Brown, who wrote “The Essential Smart Football” and contributes football analytics pieces to websites like ESPN.com’s Grantland, was intrigued by Kirkpatrick’s quote and decided to examine his claims further.
“Some fairly questioned whether this was hyperbole – How do you not teach defensive backs to backpedal?” Brown wrote. “But this is something Saban very specifically has chosen not to do.”
Brown told an anecdote from Saban’s coaching time with the NFL’s Cleveland Browns and talks about how Saban adapted to fit the skill set of a slower cornerback he coached, Everson Walls. To counter his lack of speed, Saban developed a new strategy.
“Saban began teaching his now-famous ‘shuffle’ technique, rather than the traditional backpedal,” Brown wrote. “Essentially, it is a three-step shuffle technique, at which point the defensive back may break on a short route or can turn and run and play the receiver down the field.”
Alabama’s defensive backs are often in press coverage and play closer to the line, a strategy more adept to the quick shuffle rather than a backpedal.
But does Saban still use that technique today? He was asked about this during Monday’s news conference.
“They’re taught to backpedal. They all can backpedal,” he said. “You come to practice every day, they backpedal in individual, they backpedal sometimes on their plan. We play our corners up on people a lot, so sometimes they bail-off; sometimes they play bump-and-run. Sometimes they get off and backpedal.
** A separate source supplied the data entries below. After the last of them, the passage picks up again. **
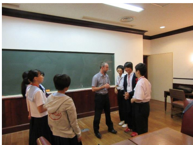
07 Lesson 4 Fun with Language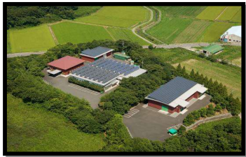
自然との共存を目指す超精密加工工場

各設備は担当者が毎日点検を行っています。 設備講習毎に標準書を作成し、作業の統一を試みています。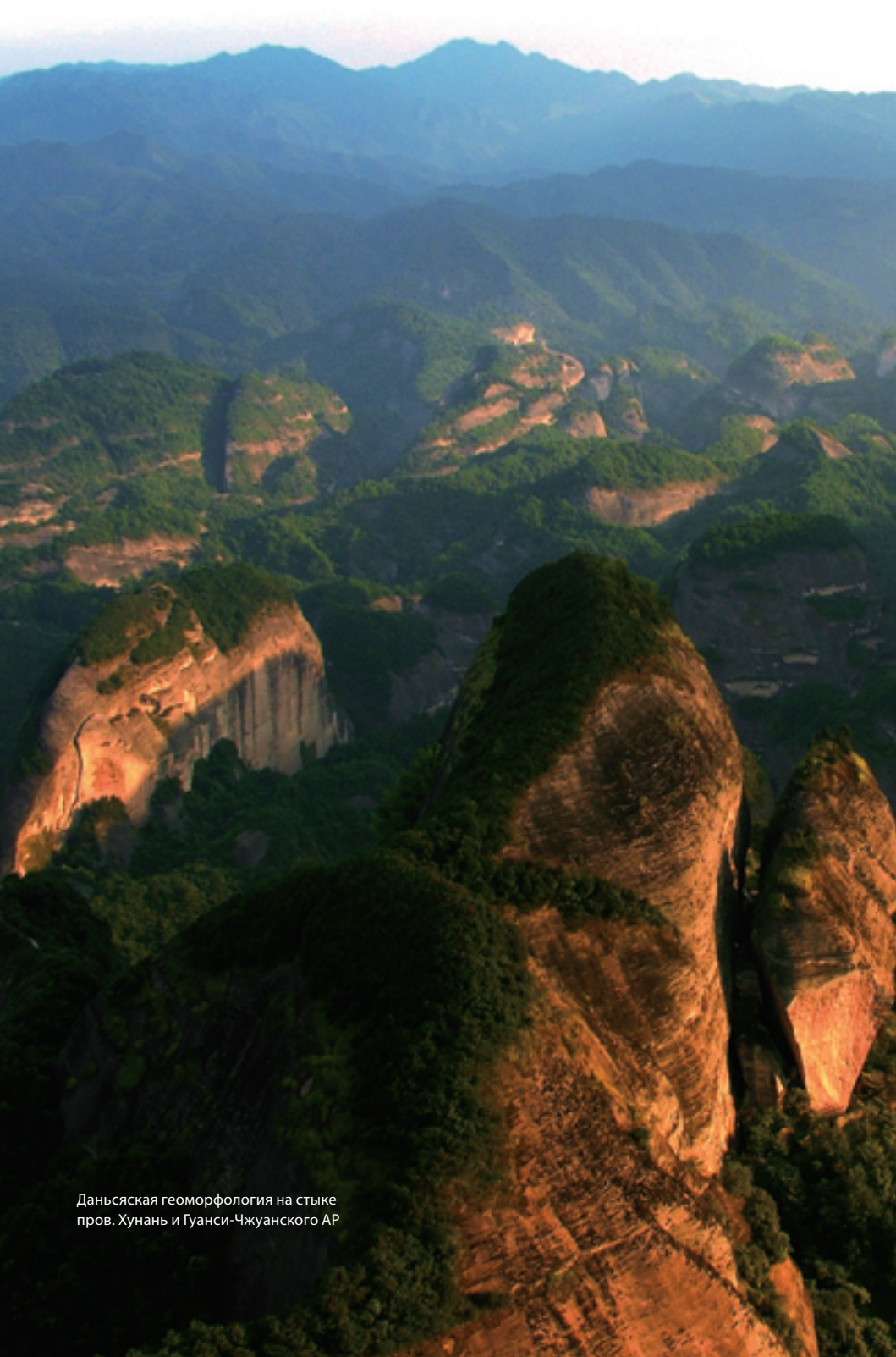
Даньсякая геоморфология на стыке пров. Хунань и Гуанси-Чжуанского АР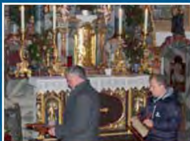
Der alte Brauch „das Einspinnen des Hochaltars“ vor der hl. Messe

Die Festlichkeiten werden durch den MGV Tratten gesanglich umrahmt: Zum Abschluss gibt es eine Agape. Die Bevölkerung ist zu diesen Festlichkeiten herzlich eingeladen.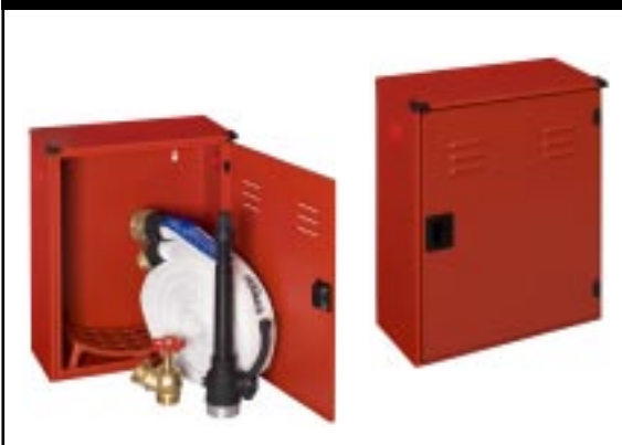
Idrante a muro da esterno rosso Dim. mm 400x180x510h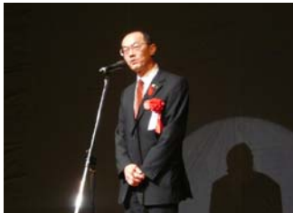
趣味の会フェスティバルでは宮城 県伊藤副知事から歓迎のあいさつ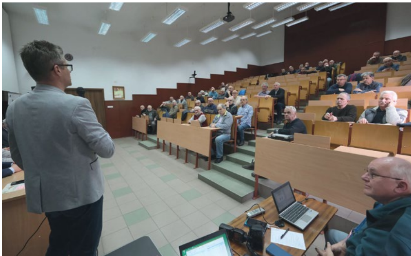
UCZESTNICY ZEBRANIA W SZCZECINIE

12 stycznia br. o godz. 17.00 w restauracji „Klasyczna” w Jarosławiu odbyła się noworoczne spotkanie opłatkowe, w którym wzięli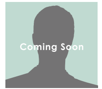
著名なアツギ経営者 一近日登壇決定ー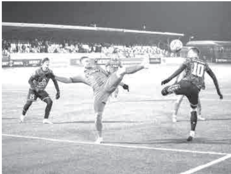
В весеннем футболе всегда много тяжелой борьбы, далеко не всегда на это приятно смотреть.

гости спокойно отбивали атаки, не давали доводить их до логического конца в виде ударов, зато сами уверенно обсновывались на подступах у штрафной хозяев. Впрочем, по паре моментов обе команды за тайм создали, но не сказать, что стопроцентные.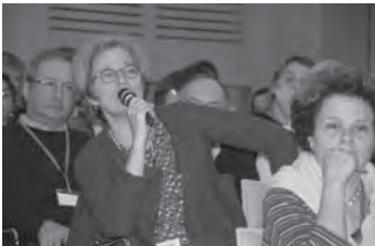
Débat lors des Journées d'Études François de Sales

L'Association catholique mondiale pour la communication SIGNIS organise son Congrès Mondial 2014 à la fin du mois de février, à Rome. La nouvelle génération et les nouveaux médias constituent le thème central de la rencontre.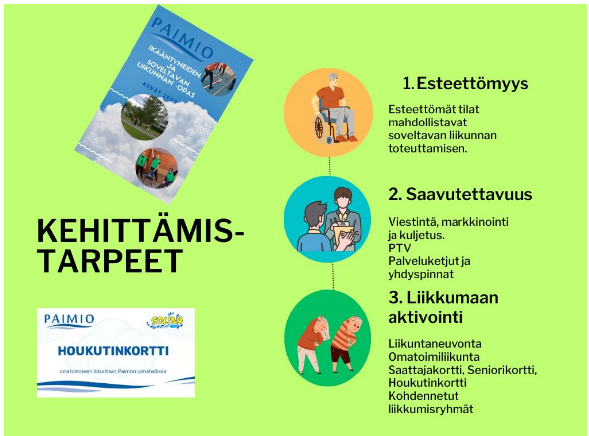
Kuvio 16. Kehittämistarpeet

Soveltavan liikunnan kohderyhmiin kuuluvat henkilöt liikkuvat vähemmän muuhun väestöön verrattuna. He kokevat myös enemmän esteitä liikunnan harrastamisessa, kuten esimerkiksi avustajan tai kuljetuksen puute tai sopivaa liikuntaryhmää ei löydy. Kunnan ja Varhan on hyvä tunnistaa potentiaaliset asiakkaat, ohjata liikuntaneuvontaan tai luoda saumaton palveluketju kuntoutuksesta liikuntaan.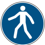
M024 Fußgängerweg benutzen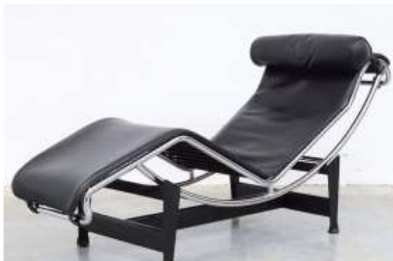
شيزلونج للمصمم "لوكوربوزيه" 1928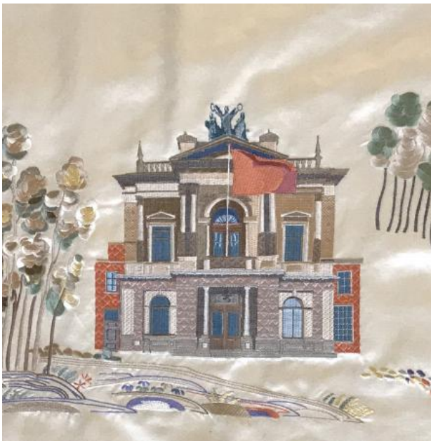
Het Teylers, 2022 machinaalgeborduurd zijde, 40x40cm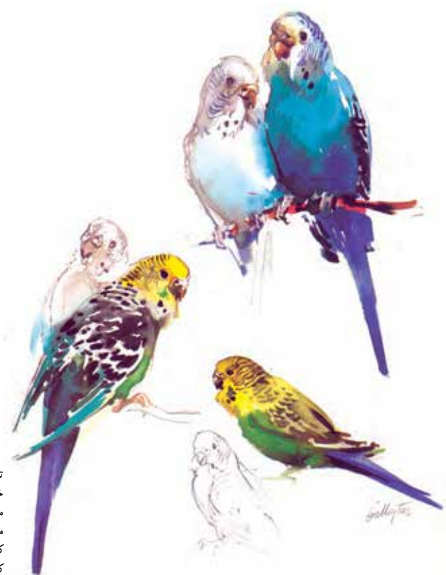
تصویر ۹- نمونه‌ای دیگر از نقاشی به شیوه خیس در خیس بر روی کاغذ خشک را نشان می‌دهد. مشخص بودن نقشه مسیر حرکت می‌تواند در جلوگیری از اشتباه و خطا در هنگام کار به شما کمک کند. در این اثر هنرمند شروع کار را از سر پرنده‌ها آغاز و به دُم آنها ختم کرده است، اثر وی چنس بالستار

با توجه به این که ترکیب رنگ بیشتر بر سطح کاغذ در این روش اتفاق می‌افتد با استفاده از نقشه مسیر حرکت می‌توانید تا حد بسیاری جلوی خطا و اشتباهات احتمالی را بگیرید. شما می‌توانید هنرجویان را در استفاده از ابزار، شیوه مناسب و چگونگی نقشه مسیر حرکت با توجه به موضوعی که برمی‌گزینید یاری کنید (تصویر ۹).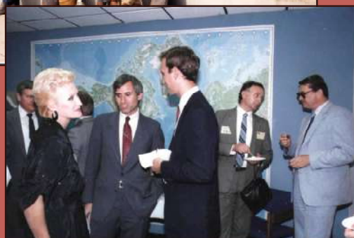
В департаменте сельского хозяйства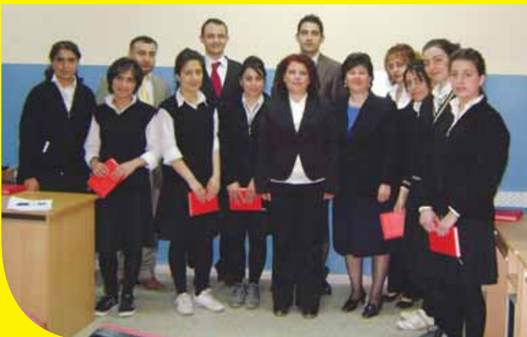
Proje katılımcıları, öğretmenleri ve idarecileri ile birlikte

Ulusal Ajans projelerinin izlenmesi konusunda çok güzel bir ilerleme kaydetmiştir. Kontroller için Ulusal Ajans bilgisayar destekli bir seçim sistemi belirlemiş olup bunu alanında iyi uygulama olarak değerlendirebiliriz.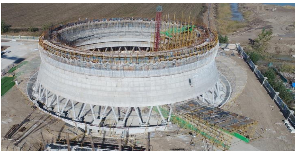
冷卻塔第十節澆築完成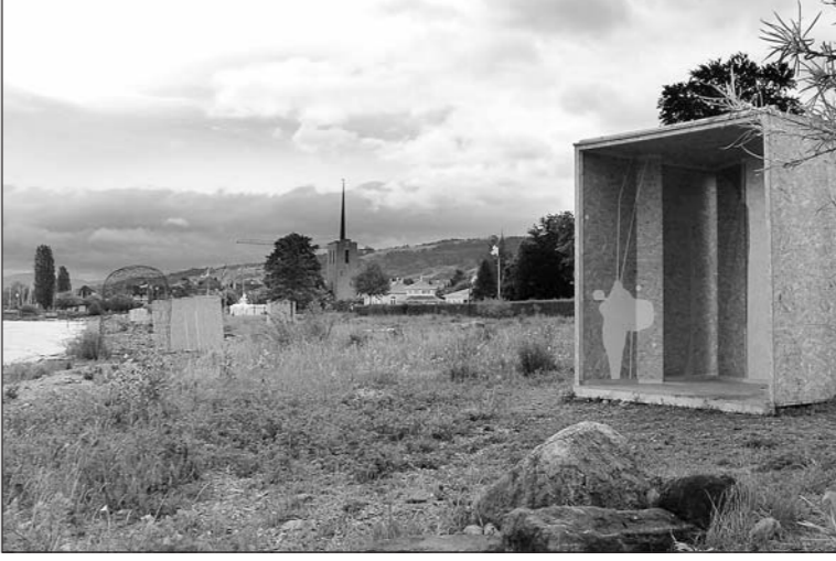
«Strandgut» – ein einmaliges Kunstprojekt für Kultur und Begegnung.

“I just think that we’re just not philosophically in to playing a lot of soft coverage, where you line seven, eight or nine yards off a guy and give him a lot of easy throws in front; but we do teach them how to backpedal. We teach them how to plant and drive out of a backpedal. There are coverages that we have where our corners do play off, that’s just not philosophically how we play most of the time.”
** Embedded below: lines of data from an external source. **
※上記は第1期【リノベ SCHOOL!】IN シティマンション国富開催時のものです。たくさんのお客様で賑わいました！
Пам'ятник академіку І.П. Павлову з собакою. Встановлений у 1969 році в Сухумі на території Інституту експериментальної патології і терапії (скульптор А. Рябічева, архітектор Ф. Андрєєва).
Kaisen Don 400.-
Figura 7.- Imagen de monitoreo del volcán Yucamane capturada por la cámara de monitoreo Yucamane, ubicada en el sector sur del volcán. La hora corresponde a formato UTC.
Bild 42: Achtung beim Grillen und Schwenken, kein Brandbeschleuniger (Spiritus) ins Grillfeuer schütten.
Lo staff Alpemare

Safety HaHa Clinton-Dix was asked a similar question about what Kirkpatrick said and whether he was taught to backpedal. His answer seemed to confirm what Saban said – that the defensive backs do learn to backpedal, but Saban plays his defenders closer to the line than most teams, so they don’t have as much room to do so.
“I have no take on that – what went on with Dre Kirkpatrick in Cincinnati. I really don’t know anything about that,” Clinton-Dix said. “We do backpedal in practice, so I don’t know exactly where that came from.”
As for whether Saban himself was taught to backpedal as a cornerback at Kent State?
“And I can backpedal,” he joked. “I backpedaled when I played, and I can still backpedal – and cover – somebody.”